• _Directions for this task_:
Any picture in the listing is left out of the copy; all else is duplicated exactly.
▽
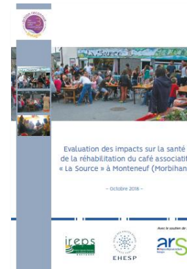
EIS réalisée dans le cadre de la mise en place d'un café associatif dans un village du Morbihan

Ecole des hautes études en santé publique (2020)
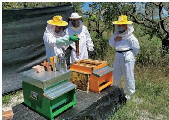
Alcuni soci della "Pro Ponte" a lezione di apicoltura

Insomma, con i tre alveari la "Pro Ponte", che ha come slogan "insieme per vivere" intende a modo suo dare alle api un aiuto per... vivere e per far continuare la vita nel mondo nella consapevolezza che questi insetti sono essenziali per il nostro pianeta, perché se la produzione del miele è importante, questo non è il solo motivo per salvaguardarle valendo la pena di considerare che in gioco c'è qualcosa di molto più grande e prezioso.
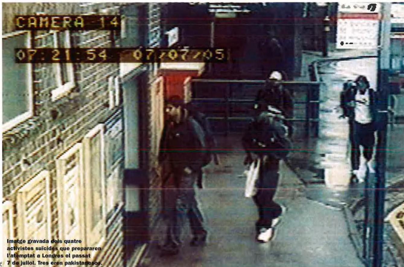
Imatge gravada dels quatre activistes suicides que prepararen l'atemptat a Londres el passat 7 de juliol. Tres eren pakistanesos.

va Delhi. Des de la fundació del Pakistan, diversos partits confessionals es disputaven l'hegemonia al nou estat i pressionaven per islamitzar l'estat. A més de la Jama'at-e Islami de Mawdudi, es constituïren dos partits d'ulemes, cas únic en el món islàmic de formacions polítiques que vetllen per aquest grup social i professional. Aquests eren el Jami'at-i Ulama-i Islam (JUI), és a dir, la "Germandat dels Ulemes de l'Islam", d'ideologia relacionada amb el moviment deobandí —que temps a venir donaria lloc als talibans— citat més amunt i amb elements del wahabisme saudita, i el Jami'at-i Ulama-i Pakistan (JUP) o "Germandat dels Ulemes de Pakistan", on militaven els ulemes més tolerants amb l'espiritualitat popular i el culte als sants.
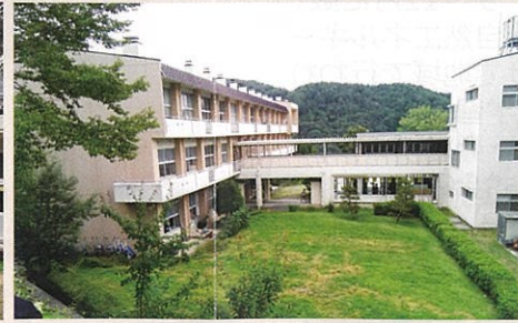
飯田市山本小学校
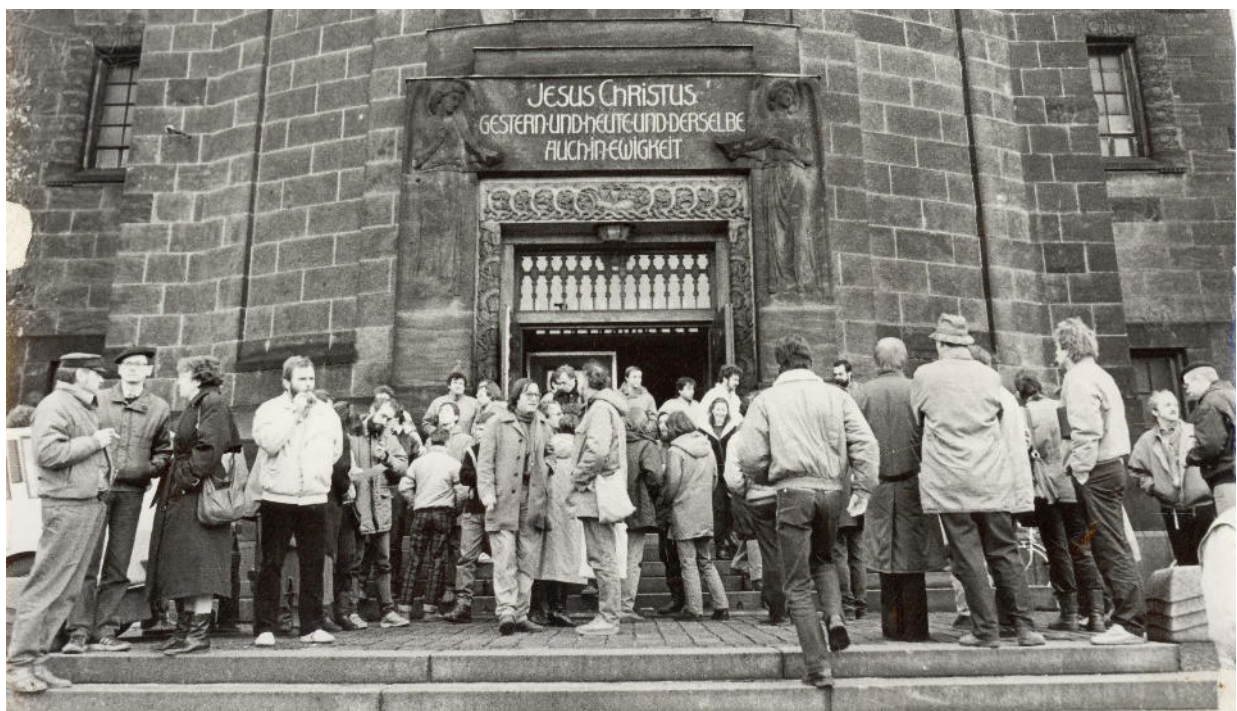
Während der Ökumenischen Versammlung vor der Christuskirche, Dresden
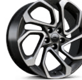
19인치 카빈 메쉬드 알로이 휠 (RS)
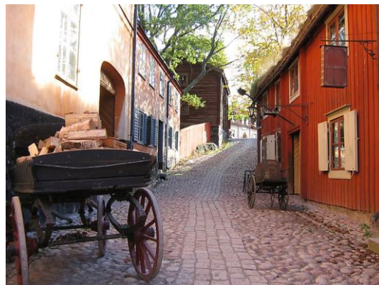
Slika 12. Prikaz uređenja i građevina na području muzeja

Otvoreni muzej Skansen nalazi se u Stockholmu, te djeluje od 1891. i prvi je muzej takvog tipa. Smješten je na otoku Djurgårdenu, koji se nalazi u centralnom dijelu Stockholma, gdje se nalazi veliki broj povijesnih zgrada i spomenika. Svrha samog muzeja je prezentirati industrijaliziranom društvu način življenja prije više stotina godina. Muzej čini oko 150 kuća i seoskih građevina (slika 12.). Svi muzejski predmeti pripadaju Nordskom muzeju, čiji je Skansen dio.
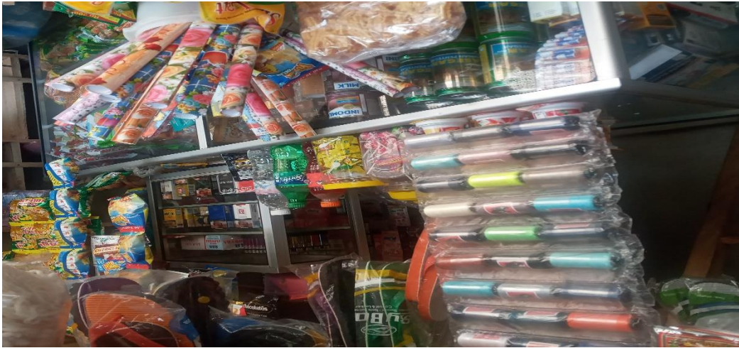
Gambar 2.7 Yaitu Tanya Jawab Masalah UMKM Di Dusun Sukapura
△
• _Exercise solution_:
EIS réalisée dans le cadre de la mise en place d'un café associatif dans un village du Morbihan

Ecole des hautes études en santé publique (2020)
Alcuni soci della "Pro Ponte" a lezione di apicoltura

Insomma, con i tre alveari la "Pro Ponte", che ha come slogan "insieme per vivere" intende a modo suo dare alle api un aiuto per... vivere e per far continuare la vita nel mondo nella consapevolezza che questi insetti sono essenziali per il nostro pianeta, perché se la produzione del miele è importante, questo non è il solo motivo per salvaguardarle valendo la pena di considerare che in gioco c'è qualcosa di molto più grande e prezioso.
Imatge gravada dels quatre activistes suicides que prepararen l'atemptat a Londres el passat 7 de juliol. Tres eren pakistanesos.

va Delhi. Des de la fundació del Pakistan, diversos partits confessionals es disputaven l'hegemonia al nou estat i pressionaven per islamitzar l'estat. A més de la Jama'at-e Islami de Mawdudi, es constituïren dos partits d'ulemes, cas únic en el món islàmic de formacions polítiques que vetllen per aquest grup social i professional. Aquests eren el Jami'at-i Ulama-i Islam (JUI), és a dir, la "Germandat dels Ulemes de l'Islam", d'ideologia relacionada amb el moviment deobandí —que temps a venir donaria lloc als talibans— citat més amunt i amb elements del wahabisme saudita, i el Jami'at-i Ulama-i Pakistan (JUP) o "Germandat dels Ulemes de Pakistan", on militaven els ulemes més tolerants amb l'espiritualitat popular i el culte als sants.
飯田市山本小学校
Während der Ökumenischen Versammlung vor der Christuskirche, Dresden
19인치 카빈 메쉬드 알로이 휠 (RS)
Slika 12. Prikaz uređenja i građevina na području muzeja

Otvoreni muzej Skansen nalazi se u Stockholmu, te djeluje od 1891. i prvi je muzej takvog tipa. Smješten je na otoku Djurgårdenu, koji se nalazi u centralnom dijelu Stockholma, gdje se nalazi veliki broj povijesnih zgrada i spomenika. Svrha samog muzeja je prezentirati industrijaliziranom društvu način življenja prije više stotina godina. Muzej čini oko 150 kuća i seoskih građevina (slika 12.). Svi muzejski predmeti pripadaju Nordskom muzeju, čiji je Skansen dio.
Gambar 2.7 Yaitu Tanya Jawab Masalah UMKM Di Dusun Sukapura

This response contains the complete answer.